The commissioners were split on whether or not the resignation spells doom for participating in compact negotiations. 

“This closes that window of negotiations,” Commissioner Shane Orien said. “We asked to negotiate, and they’ve offered to negotiate after a year and now what’s going to happen with it we don’t know ... I’m almost embarrassed to sit here sometimes.” 

But other commissioners said the board can move forward without the attorney. 

“We don’t need Jon to carry forward,” Commissioner Ted Hein said. “We can meet with the (attorney general) ourselves and we can negotiate. Carry on.” 

Hein suggested the board send “real irrigators” to negotiate with state officials, instead of only commissioners and legal experts. 

Commissioner Kerry Doney agreed that the board could move forward in the negotiating process. 

“You’ve got your negotiating team here minus Jon Metropoulos,” Doney said. “Go meet with them and find out what’s going on. What have we got to lose?” 

The board approved the position statement in Metropoulos’s absence. It calls for the Flathead Board of Joint Control to have ownership of the bare legal title of water flowing through the Flathead Indian Irrigation Project and property owners to have the beneficial use title to the water. 

The statement also says that the board wants irrigation water delivered under the compact to be verified as equivalent to historic use. 

The Flathead Joint Board of Control also wants to rework the structure of the Unitary Management Ordinance that would create a board of tribal and non-tribal members to handle certain water issues that arise on the Flathead Reservation in the future. This element of the compact is currently not within scope of the renegotiation process, which is narrowly focused on addressing concerns related to water rights of the Flathead Indian Irrigation Project. 

Commissioners were unsure how they would move forward with contacting the governor’s office and attorney general’s office. That had been Metropoulos’s function previously, and the commissioners were unsure of their relationship with other legal firms and experts the board had hired at Metropoulos’s request. 

Even if one of the state’s top environmental law firms, Gough, Shanahan, Johnson & Waterman, agreed to continue representing the board, Commissioner Orien was unsure of whether that is a financially viable option. The board budgeted $16,000 for the firm’s hourly wages, and costs have gone $9,000 over budget in the two months the firm has been working for the board. 

“We might need to look at other options because it is getting very expensive very fast,” Orien said. 

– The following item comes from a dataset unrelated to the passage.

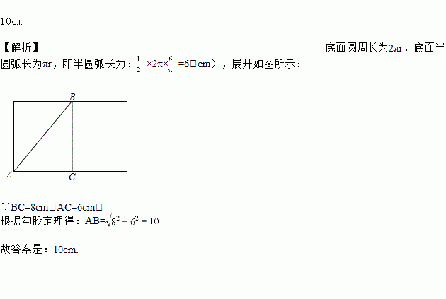 如图,一圆柱高8 cm,底面半径为 cm,一只蚂蚁从点爬到点处吃食,要爬行的最短路程是________.
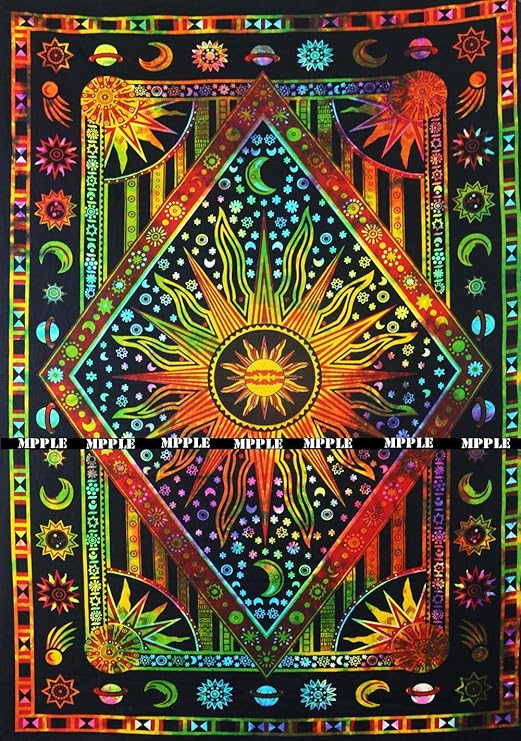 Firey Sun And Moon Cotton Bedspread 60 X 90 Inch Wall Hanging

Commissioners gave no indication of how Metropoulos’s resignation would impact upcoming deadlines in a number of court cases the board is involved in. A hearing was scheduled for Monday in Missoula federal district court for a case filed in April by the Flathead Irrigation District. The district sued for turnover of operations of the Flathead Indian Irrigation Project from the Bureau of Indian Affairs to the Flathead Joint Board of Control. Those proceedings were ongoing as of press time.